In the current field of event recognition, traditional methods rely on expert knowledge and artificial design features. These methods have a high accuracy in the professional field, but the generalization ability is not good in the event recognition of an open field. The use of the deep learning model for event recognition have higher portability, but there are many parameters that need to be adjusted in the process of model training, and as the number of iterations increases, the training gradient is prone to dispersion, and the single neural network framework has certain limitations. In order to tackle the abovementioned problems, a neural network model Conv-RDBiGRU (Convolution-Residual Deep Bidirectional Gated Unit) was proposed in this paper, and the overall learning scheme is shown in Figure 1. In the model, extracting local information feature of text through convolution operation, capturing deep context feature information of text corpus using DBiGRU part, and then using the residual structure to change the framework structure that data source for this network layer are only from previous layer in the traditional plain network. The changed framework structure introduces a design that is similar to “shortcut” type [20]. The source data input skips multiple hidden layers and is added directly to the data output section. This method can introduce more reference information to the output data, and, at the same time, make up the influence of vanishing gradient along with the network deepened, so as to improve Chinese emergency event recognition effect.

Figure 1

Overall learning scheme.

2. Related Work

2.1. Preprocess

Text statements are extracted from the corpus by using regular expression. It is a common idea of English event recognition to extract features of words in sentences through neural network, find out existing trigger words, and classify them [21]. However, for some languages, such as Chinese, there is no natural segmentation in Chinese, so, at first, word segmentation is required, and word segmentation tools are used to process text. Common word segmentation tools include jieba, Stanford, CRF++, and thulac [22]. The Word2Vec model proposed by MIKOLOV et al. is used to train the text corpus after word segmentation to obtain the word vector [23]. The training methods include Skip-Gram and CBOW (Continuous Bag of Words) [24].

2.2. Convolution

There are three common structures, convolutional layer, pooling layer, and full connection layer, in convolutional neural network (CNN). After the convolution layer, the maximum pooling operation will be taken to reduce the dimension of the output result for capturing significant local features, and then the next process outputs the result through the fully connected operation. However, in this paper, the text corpus is sequence text with context-dependent information. It will lose sequence information of word with each other and destroy the sequence features if next step adopts the pooling operation after convolution. So, in the model, after using the convolution operation, the next step will abandon the relevant operation about the pooling layer and fully connected layer. The local features that extracted convolution operation are directly inputted into the next layer network structure for extracting deeper context semantic features.

2.3. RNN Variant

Theoretically, RNN (Recurrent Neural Network) can cope with the context sequence information of random distance, but, in the actual application process, traditional RNN structure do not have sufficient ability to capture long distance information features. The robustness is not good so that it cannot achieve the expected training effect, and in the hidden layer, the error produced by the abovementioned information increases constantly as the count of transmission increases. This situation causes the problem of gradient dispersion and explosion in the process of training. In order to solve these problems, RNN's unit structure has produced many variants, including LSTM (Long Short Term Memory), GRU (Gated Recurrent Unit), and SRU (Simple Recurrent Unit).
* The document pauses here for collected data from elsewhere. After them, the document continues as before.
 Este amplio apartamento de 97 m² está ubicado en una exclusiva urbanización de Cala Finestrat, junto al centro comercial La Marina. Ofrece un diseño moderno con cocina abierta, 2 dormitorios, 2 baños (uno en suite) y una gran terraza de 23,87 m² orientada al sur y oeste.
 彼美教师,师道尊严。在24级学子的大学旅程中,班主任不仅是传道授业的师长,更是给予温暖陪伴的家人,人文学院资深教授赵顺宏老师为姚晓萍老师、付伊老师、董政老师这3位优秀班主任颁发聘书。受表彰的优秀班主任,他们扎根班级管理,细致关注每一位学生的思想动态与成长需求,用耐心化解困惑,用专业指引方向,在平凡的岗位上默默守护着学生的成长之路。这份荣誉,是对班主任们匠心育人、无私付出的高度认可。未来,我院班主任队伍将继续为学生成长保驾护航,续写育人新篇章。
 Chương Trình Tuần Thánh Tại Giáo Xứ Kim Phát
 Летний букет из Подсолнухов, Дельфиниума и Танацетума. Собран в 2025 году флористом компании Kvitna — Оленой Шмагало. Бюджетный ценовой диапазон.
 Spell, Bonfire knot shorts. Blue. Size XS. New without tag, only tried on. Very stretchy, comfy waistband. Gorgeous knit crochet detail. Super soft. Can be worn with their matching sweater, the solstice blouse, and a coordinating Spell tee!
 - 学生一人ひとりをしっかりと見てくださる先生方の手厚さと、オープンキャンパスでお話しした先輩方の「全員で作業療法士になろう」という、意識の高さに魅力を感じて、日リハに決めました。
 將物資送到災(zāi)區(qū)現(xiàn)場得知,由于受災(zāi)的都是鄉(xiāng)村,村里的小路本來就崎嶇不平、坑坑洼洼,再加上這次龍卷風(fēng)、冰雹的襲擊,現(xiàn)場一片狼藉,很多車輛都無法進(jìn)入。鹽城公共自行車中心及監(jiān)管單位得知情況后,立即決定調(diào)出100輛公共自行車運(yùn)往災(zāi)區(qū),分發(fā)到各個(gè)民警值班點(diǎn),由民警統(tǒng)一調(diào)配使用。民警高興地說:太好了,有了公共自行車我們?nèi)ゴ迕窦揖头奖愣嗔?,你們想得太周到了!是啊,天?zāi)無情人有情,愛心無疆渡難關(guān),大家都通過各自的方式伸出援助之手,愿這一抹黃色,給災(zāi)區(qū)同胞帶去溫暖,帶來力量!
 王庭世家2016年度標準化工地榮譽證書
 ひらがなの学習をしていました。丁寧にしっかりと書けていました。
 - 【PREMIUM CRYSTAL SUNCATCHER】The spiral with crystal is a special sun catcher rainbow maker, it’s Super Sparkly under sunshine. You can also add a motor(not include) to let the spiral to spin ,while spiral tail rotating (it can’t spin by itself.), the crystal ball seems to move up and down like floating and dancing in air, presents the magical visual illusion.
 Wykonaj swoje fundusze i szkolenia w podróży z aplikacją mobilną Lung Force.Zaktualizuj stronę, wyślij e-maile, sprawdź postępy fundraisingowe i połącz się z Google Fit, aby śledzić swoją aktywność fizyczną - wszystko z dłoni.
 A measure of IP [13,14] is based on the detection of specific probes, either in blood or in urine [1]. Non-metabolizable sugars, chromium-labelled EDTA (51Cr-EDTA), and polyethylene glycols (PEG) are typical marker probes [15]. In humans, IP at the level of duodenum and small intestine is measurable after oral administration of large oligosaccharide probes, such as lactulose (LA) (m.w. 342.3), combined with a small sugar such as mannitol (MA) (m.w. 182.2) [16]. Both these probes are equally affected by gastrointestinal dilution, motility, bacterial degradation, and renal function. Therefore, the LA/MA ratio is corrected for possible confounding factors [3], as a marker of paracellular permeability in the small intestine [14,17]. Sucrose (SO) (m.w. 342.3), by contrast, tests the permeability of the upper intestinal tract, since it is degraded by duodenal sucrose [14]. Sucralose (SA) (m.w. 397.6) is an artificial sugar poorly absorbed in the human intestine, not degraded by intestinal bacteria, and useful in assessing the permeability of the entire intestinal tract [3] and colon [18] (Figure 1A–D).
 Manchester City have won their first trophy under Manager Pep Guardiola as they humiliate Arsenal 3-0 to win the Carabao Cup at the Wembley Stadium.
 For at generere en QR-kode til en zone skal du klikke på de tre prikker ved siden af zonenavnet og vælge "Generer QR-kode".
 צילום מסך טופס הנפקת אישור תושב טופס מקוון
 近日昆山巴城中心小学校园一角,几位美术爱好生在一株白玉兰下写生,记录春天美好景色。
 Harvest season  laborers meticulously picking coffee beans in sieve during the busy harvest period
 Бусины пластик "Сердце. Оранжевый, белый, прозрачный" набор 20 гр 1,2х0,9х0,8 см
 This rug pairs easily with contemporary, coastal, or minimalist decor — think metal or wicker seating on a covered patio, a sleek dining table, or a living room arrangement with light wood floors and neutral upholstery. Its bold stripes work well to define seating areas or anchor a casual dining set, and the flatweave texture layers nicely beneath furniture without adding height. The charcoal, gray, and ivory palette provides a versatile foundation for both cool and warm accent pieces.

The usually mentioned RNN model is a unidirectional transmission mechanism to transfer the previous moment sequence information, namely, the UniRNN (Unidirectional Recurrent Neural Network), which can only predict the output of the next moment through the abovementioned information features. However, in the practice process, the information of some moments is not only related to the above sequence information but also related to the following sequence information. For example, there is such a scene, “My computer is down, so I want to__a new computer.” If we only observe statements before the underline, it cannot judge the next step what “I want to__.” However, clearly, the next step is that “I want to buy a new computer” if we can observe information after the underline, so the probability will be much bigger to fill in the word “buy” on the underline. Therefore, in order to solve the shortage of UniRNN, a BiRNN (Bidirectional Recurrent Neural Network) is proposed, as shown in Figure 2.

Figure 2

BiRNN structure model.

BiRNN is composed of a forward and a backward . The input layer is the word vector matrix V={v1, v2,…, v}. The hidden layer contains the unit structure of RNN. The structure can be LSTM, GRU, SRU, and other RNN variants. The output layer is determined by the two direction output state in RNN.

2.4. Residual Network

Theoretically, for neural networks, the richer features can be learned from the multilayer abstract information if the more layers are stacked and the network is deeper. However, the gradient will vanish in the train process with the deepening of the network so that train time of whole network becomes longer, and it is difficult to converge and the network performance degrades. In order to solve these problems, a residual network structure is proposed and the structure unit is shown in Figure 3.

Figure 3

Residual unit.

Residual unit is generally composed of two mappings, the identity mapping x and the residuals mapping F(x). For the general network without residual structure, it is expected to use F(x) as the feature to activate and output. Now, the residual structure is integrated, so it is expected to use H(x) to fit. The output result contains the input information x itself, which is transformed from the original input by identity mapping. It is a richer information feature.

3. Model

Firstly, the original data text is preprocessed and the word is vectorization, in the task of event recognition. Then, the word embedding matrix is input, and the corresponding type label of the event is obtained through convolution operation and RDBiGRU. Lastly, the emergency event recognition result is output. The design of the model takes into account that convolutional neural network is good at extracting n-gram features of local information, but the obtainment of global information features is obviously insufficient, while recurrent neural network is just opposite. Therefore, a joint model is constructed to combine with the advantages of the two neural networks. Considering that the train time of the feature learning framework is long and difficult to converge in recurrent neural network. Gradient dispersion, local optimum, and overfitting are easy to occur when the layer counts of recurrent neural network is deepened to extract deeper context semantic information. So, residual network structure is introduced to integrate an identity mapping value into output of every layer recurrent neural network. The mapping value is the current layer of input information. This can introduce more reference information to the output data, make up the influence of vanishing gradient along with the network deepened, and reduce the influence of information loss caused by the computation of hidden neurons, so as to enhance the robustness of the model and improve the effect of emergency event recognition. The emergency event recognition based on the Conv-RDBiGRU model proposed in this paper includes four parts: input layer, convolution layer, RDBiGRU, and output layer, as shown in Figure 4.

Figure 4

Conv-RDBiGRU model.

3.1. Input Layer

In this paper, jieba word segmentation tool was used to conduct word segmentation processing on the Text Corpus, and stop words were removed from the processed text. In deep learning, input of image data is the matrix of fixed size in advance, but text corpus data is different from the two-dimensional image data. The text size is not fixed, so the length of statement needs fixed-length processing. Let the length of the input sequence be m words. Segmentation text with more than m words intercepts front m words, and segmentation text with less than m words pad to m words.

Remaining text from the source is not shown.